VP for Welfare & Equality candidate Olivia Nwachukwu: Cultural integration, removing stigmas and the pro-choice stance.

by Brein McGinn

Olivia Nwachukwu is a final year Health and Society student. She is the Chair of AfricaSoc and feels this privilege puts her in a great position to further integrate DCU’s wealth of varying ethnicities.

She said, “The big thing for me is cultural diversity. It is a bit hard for minorities to relate to other students if they can’t see them in office. I think if I was there, I would be a point of contact to make for minorities who are on campus.”

Nwachukwu has been planning on running for quite a while, with the origins of a potential campaign being seeded all the way back to an event during her first Fresher’s Week when she bumped into former Welfare Officer Eve Kerton, who she says inspired her.

She said, “Since I was 17, I couldn’t even drink and I couldn’t socialise like how you normally would and then I remember Eve Kerton came up to me and asked me why was I standing on my own?

“I said because I didn’t know anyone but she introduced me to other people and from then on, I made friends with people I’m still friends with now and I don’t think she realised it but she changed my life so I want to do the same, make a difference to at least one person.

Her manifesto includes tackling the important housing crisis.

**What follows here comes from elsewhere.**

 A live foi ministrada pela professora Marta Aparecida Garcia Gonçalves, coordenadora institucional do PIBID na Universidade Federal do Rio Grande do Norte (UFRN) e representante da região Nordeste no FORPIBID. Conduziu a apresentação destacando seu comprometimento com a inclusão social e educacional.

Nwachukwu promises to make the DCU accommodation page accessible to DCU students only, as well as forming an information night at the start of her potential term for students and landlords in order for them to meet and build relationships before agreeing to a tenancy deal.

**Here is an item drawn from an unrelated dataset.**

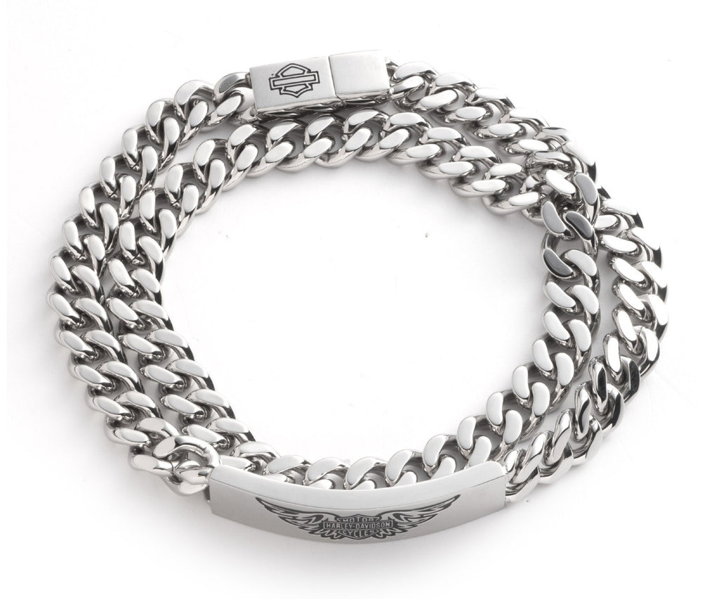 Harley-Davidson® Men's 17" H-D Winged Bar & Shield Double Wrap Bracelet. This 17" double wrapped chain bracelet is crafted from high quality stainless steel. Features a winged bar & shield front plate, with a magnetic clasp closure, also featuring an iconic bar & shield logo.

She also wants to introduce healthy eating classes and create a student cookbook for students, made by students to help newcomers into DCU learn how to cook healthy on a cheap budget, as well as the planning of an inter-campus sports day.

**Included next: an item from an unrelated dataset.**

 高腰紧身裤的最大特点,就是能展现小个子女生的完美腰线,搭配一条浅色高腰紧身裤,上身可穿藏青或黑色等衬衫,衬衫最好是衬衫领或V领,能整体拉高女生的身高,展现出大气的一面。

“In my manifesto, I also want to tackle the mental health issues students have. I believe in prevention,” Nwachukwu said, “That means, finding out those certain triggers for you and trying to work your way around them and not letting yourself get in that way by creating practices of head-space and mindfulness so you can detoxify from certain environments for a few hours every day.”

She said these practices could be taught through management classes or workshops by guest speakers who come in and give advice for those seeking help.

Nwachukwu is a campaigner for minority rights and holds a strong pro-choice stance on the recent discussions of Ireland’s constitutional Eight Amendment. She said if someone from DCU held a different view to her on matters such as those, she would respect their opinions, unless they crossed a line.

She said, “Everybody has their freedom of expression just as long as it doesn’t impede on anyone else’s freedom to express themselves.

“I’m not going to try and stop their voice because it is different from mine, all voices are equal and they should be expressed equally but, for example, I would try and get in contact with any group who holds a different viewpoint to our pro-choice stance and see why they feel the way they do to create a healthy debate on such an important topic.”